In this debut novel, Amanda Peters, a writer of Mi’kmaw and settler ancestry, tells the story of two families whose fates are intertwined in a story of loss, deception, and redemption. The story opens in Maine in 1962, where we are introduced to a Mi’kmaw family that has come from Nova Scotia to pick berries. It’s an annual job, involving both parents and all the children: Ben, Mae, Charlie, Joe, and four-year-old Ruthie. They join families from all over Nova Scotia for the annual event. It seems a safe, family-friendly environment, adults and teens working while the younger children try to pitch in or just amuse themselves. It seems safe, until little Ruthie disappears. She was there, at the edge of the field, on her favourite rock, playing with her rag doll, then she was gone. Six-year-old Joe was supposed to be watching her, we learn in the first chapters. He spends the rest of his life looking and regretting those few moments.

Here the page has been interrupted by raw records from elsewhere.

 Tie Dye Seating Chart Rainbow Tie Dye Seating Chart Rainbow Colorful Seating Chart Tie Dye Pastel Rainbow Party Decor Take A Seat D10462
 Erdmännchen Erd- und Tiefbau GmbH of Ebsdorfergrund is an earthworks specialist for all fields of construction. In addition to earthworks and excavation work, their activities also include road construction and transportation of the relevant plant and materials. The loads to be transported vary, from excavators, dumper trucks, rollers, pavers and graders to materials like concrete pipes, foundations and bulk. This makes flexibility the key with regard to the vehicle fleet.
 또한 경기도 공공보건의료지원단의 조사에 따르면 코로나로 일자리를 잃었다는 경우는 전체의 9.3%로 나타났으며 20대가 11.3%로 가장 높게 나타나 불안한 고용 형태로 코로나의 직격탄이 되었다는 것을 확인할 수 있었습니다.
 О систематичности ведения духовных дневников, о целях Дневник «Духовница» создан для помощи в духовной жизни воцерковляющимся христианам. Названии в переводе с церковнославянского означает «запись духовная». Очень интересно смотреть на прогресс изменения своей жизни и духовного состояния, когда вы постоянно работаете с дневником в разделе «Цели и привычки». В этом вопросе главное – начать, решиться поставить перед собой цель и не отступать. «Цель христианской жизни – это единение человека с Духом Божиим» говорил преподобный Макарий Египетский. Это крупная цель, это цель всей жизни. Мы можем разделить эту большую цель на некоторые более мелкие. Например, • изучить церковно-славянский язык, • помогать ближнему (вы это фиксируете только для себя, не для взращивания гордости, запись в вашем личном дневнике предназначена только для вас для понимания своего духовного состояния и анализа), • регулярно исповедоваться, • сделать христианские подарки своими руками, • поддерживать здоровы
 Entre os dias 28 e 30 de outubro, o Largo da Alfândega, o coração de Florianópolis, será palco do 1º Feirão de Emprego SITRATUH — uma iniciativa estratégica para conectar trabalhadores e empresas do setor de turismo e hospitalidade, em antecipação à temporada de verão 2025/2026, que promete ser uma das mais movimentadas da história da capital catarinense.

Elsewhere in Maine, young Norma grows up an only child in an affluent white family. Her mother (who is always Mother, never mom or momma) is extremely overprotective and secretive. Her father is aloof. And, Norma has upsetting realistic dreams of another family, her skin is darker than her parents, she questions the total absence of her baby pictures. We know from the outset that she is Ruthie. The plot of the story is driven by unravelling of how this crime happened and how it comes to be resolved.
The story is told alternately by Joe and Norma. Joe informs us of the terrible difficulties the family endured in missing Ruthie. So many years have passed and the family still feels a hole in its centre. This wasn’t a death, this was a vanishing, unexplained and cruel. Joe’s story is of a painful, often isolating life. Norma’s life story is very different, and of course we as readers know why. We know she is the missing Ruthie, yet she doesn’t. The author draws us deeply into Norma’s life as she experiences a failed marriage, miscarriages, and her own sense of isolation. When her mother dies, the truth begins to come out.
There is a sadness to this book but there is also a sense of excitement and hope. We know Ruthie is coming home. We know Joe and the whole family will find a peace they have been missing. This brought me a feeling of page-turning anticipation, the strong desire to read just one more chapter before turning out the light at bedtime.
When I was growing up, my family had a summer home in Michigan on the lake. The ‘Berry Pickers’ were migrant workers from southern places, like Appalachia, who came to work in the fields during harvest season. As children, we knew nothing of their circumstances, except the adults were leery of them, even the children we wanted to play with. It was not a complimentary term – Berry Picker.
It was something your mother might call you if your hair was unbrushed or your socks were dirty. The treatment of Joe’s family by the local police and townspeople in Maine brought back those memories. We can be so quick to disdain or belittle the ‘other’ in our society.
This is a first book for Amanda Peters. She has demonstrated her strong writing skills and her ability to develop strong characters. The story has stayed with me, giving me pause to think and reflect on both the pain and the hope shared in these pages.